L'universo infinito è popolato da mondi infiniti Bruno affermò che l'universo è infinito e la Terra non è altro che uno dei molti pianeti che popolano l'immensità di questo infinito A chi afferma invece che l'universo era limitato dall'Ultimo Cielo (l'Empireo aristotelico-tolemaico), Bruno rispondeva che ogni limite che si crede ovvio per il fatto di non vedere nulla oltre è solo una limitazione della capacità visiva, come se l'uomo affermasse di vedere la fine di un bosco per il fatto di non vedere più alberi all'orizzonte. A chi affermava che era la Terra ad essere al centro dell'Universo, Bruno rispondeva adducendo il fatto che in un universo infinito vi sono infiniti centri, vista l'impossibilità di definire in modo certo un centro in mancanza di confini.
Infinità del cosmo Questa infinità del cosmo, che ne sottolineava la perfezione divina, costituisce un luogo entro il quale tutti i corpi sono soggetti alle stesse leggi fisiche in modo omogeneo (non così per la visione aristotelica che differenziava le leggi fisico-cosmologiche in ragione delle diverse sfere). L'infinità dello spazio è un concetto necessario a rendere giustizia della sua perfezione, qualità che rispecchia la stessa perfezione divina, la quale è lo stesso universo, lo stesso mondo, la stessa natura. A chi sosteneva che le stelle fossero fisse e immobili entro delle sfere di materiale concreto, Bruno opponeva il fatto che l'osservazione degli astri dimostra che ve ne sono certi più grandi di altri, e tale varietà di dimensioni contrasta con l'idea che vuole le stelle degli oggetti di egual misura posti a egual distanza dalla Terra in ragione di una loro fissità impressa nelle sfere.

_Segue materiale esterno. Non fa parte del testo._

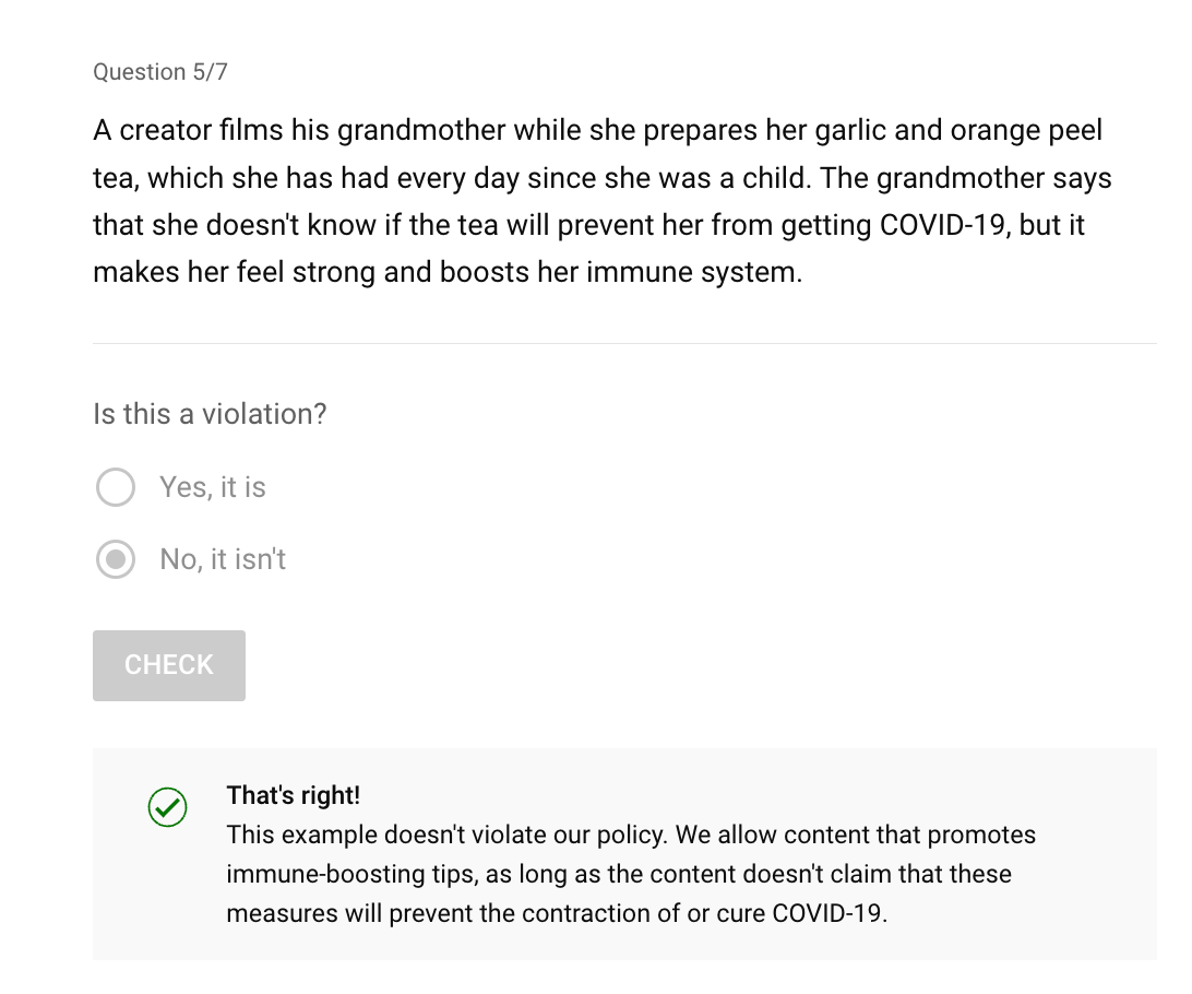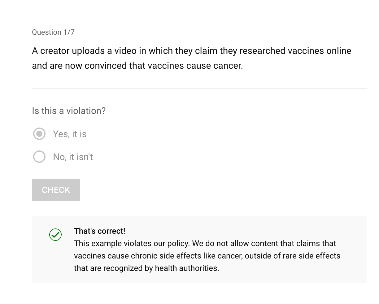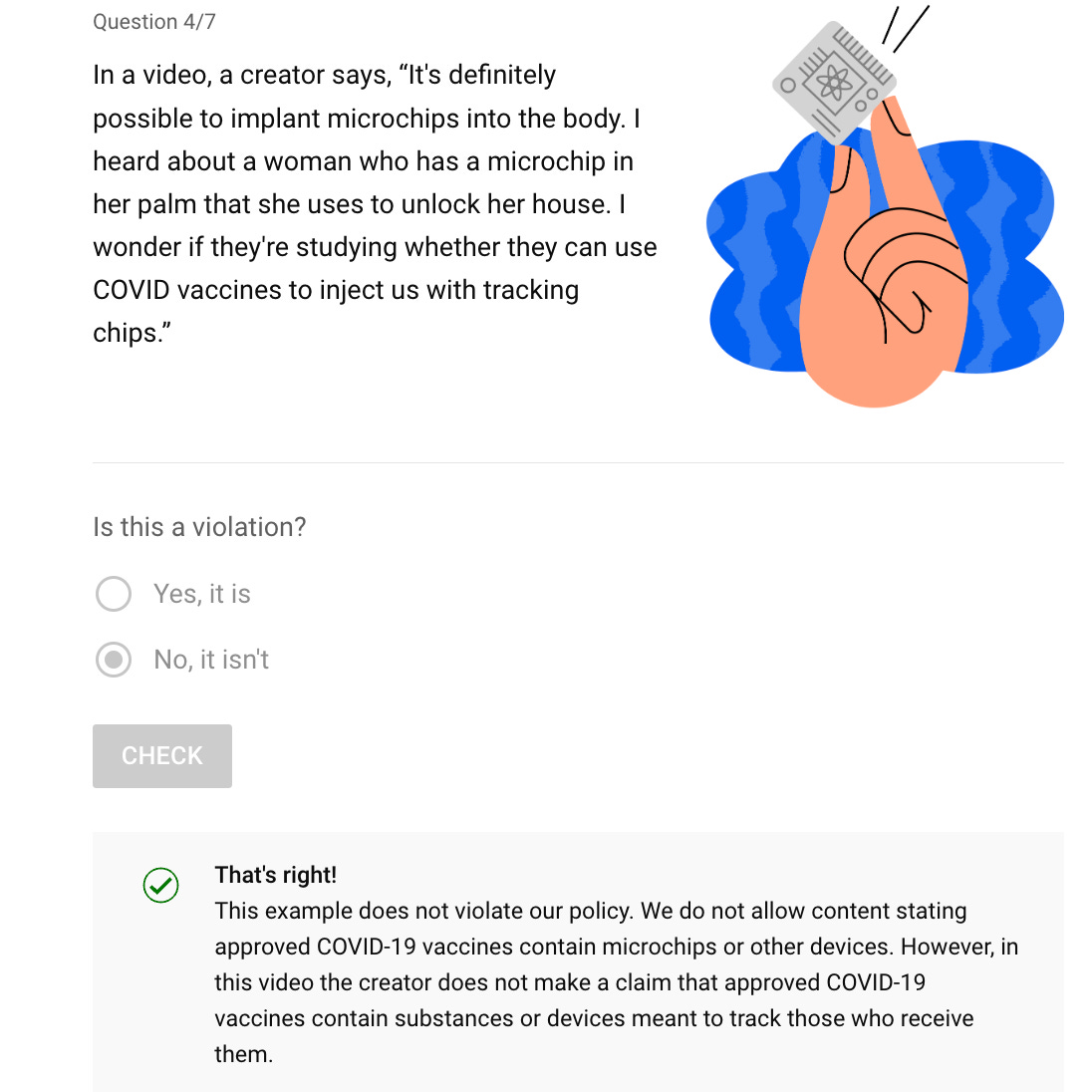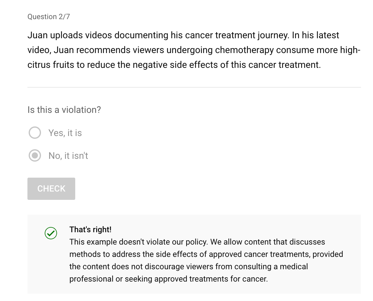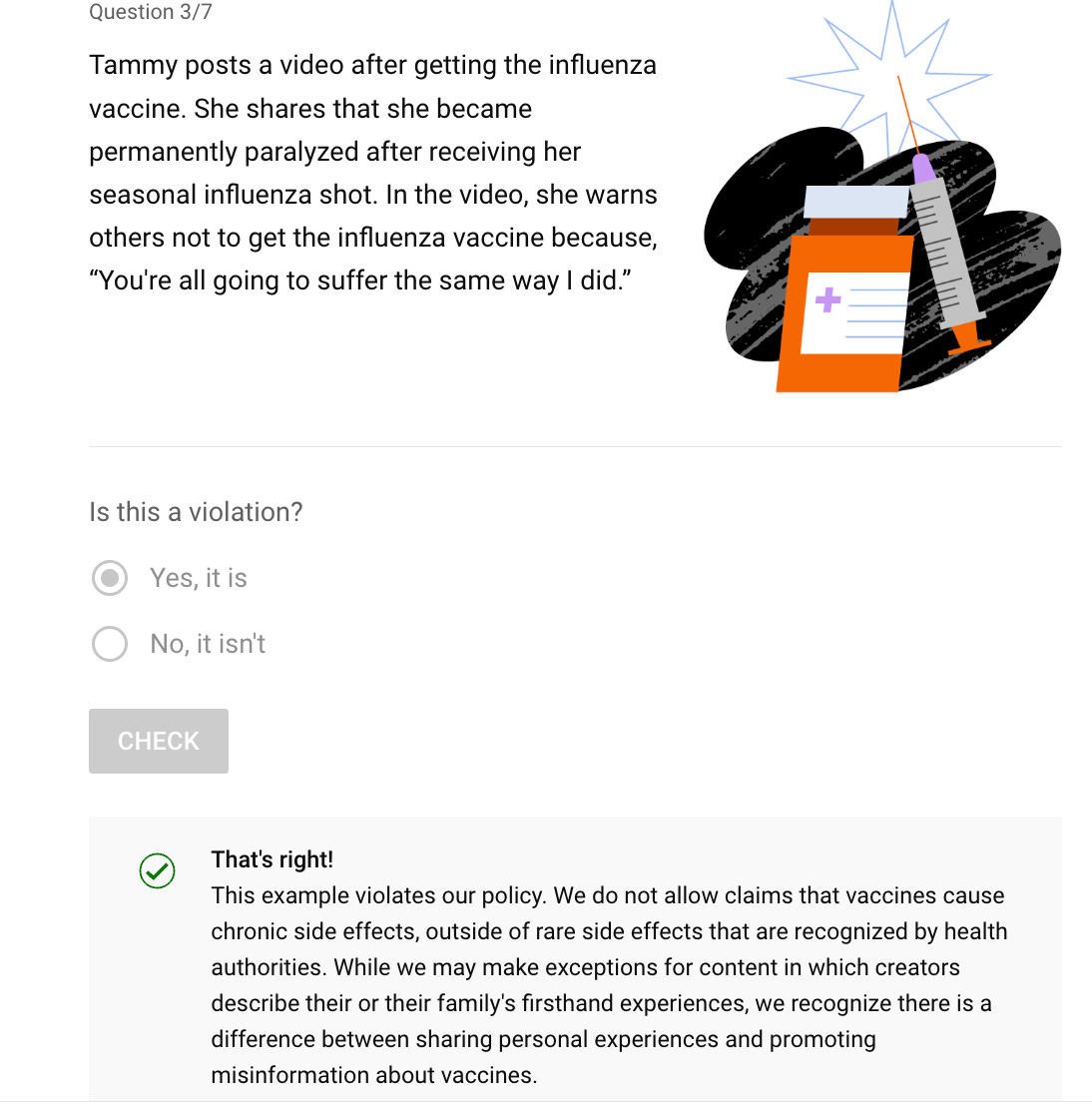 Even though they gave me this wonderful training certificate I’ll now hang on my wall, they tell me: “If you violate the Medical Misinformation policy again you’ll get a strike.” But we never violated it to begin with. Yet here I am, a graduate of their re-education program. :)

I sensi non percepiscono necessariamente la verità Bruno riteneva che la verità attorno alla struttura della realtà non può essere decisa dalla sola percezione sensibile, i sensi non percepiscono necessariamente la verità quando, ad esempio, si afferma che l'universo è finito perché non se ne scorge l'ampiezza ad occhio nudo.
Conclusioni Bruno, partendo da presupposti neoplatonici legati all'opportunità metafisica dell'infinità dello spazio, arrivò a definire un concetto di Universo molto vicino a quello odierno.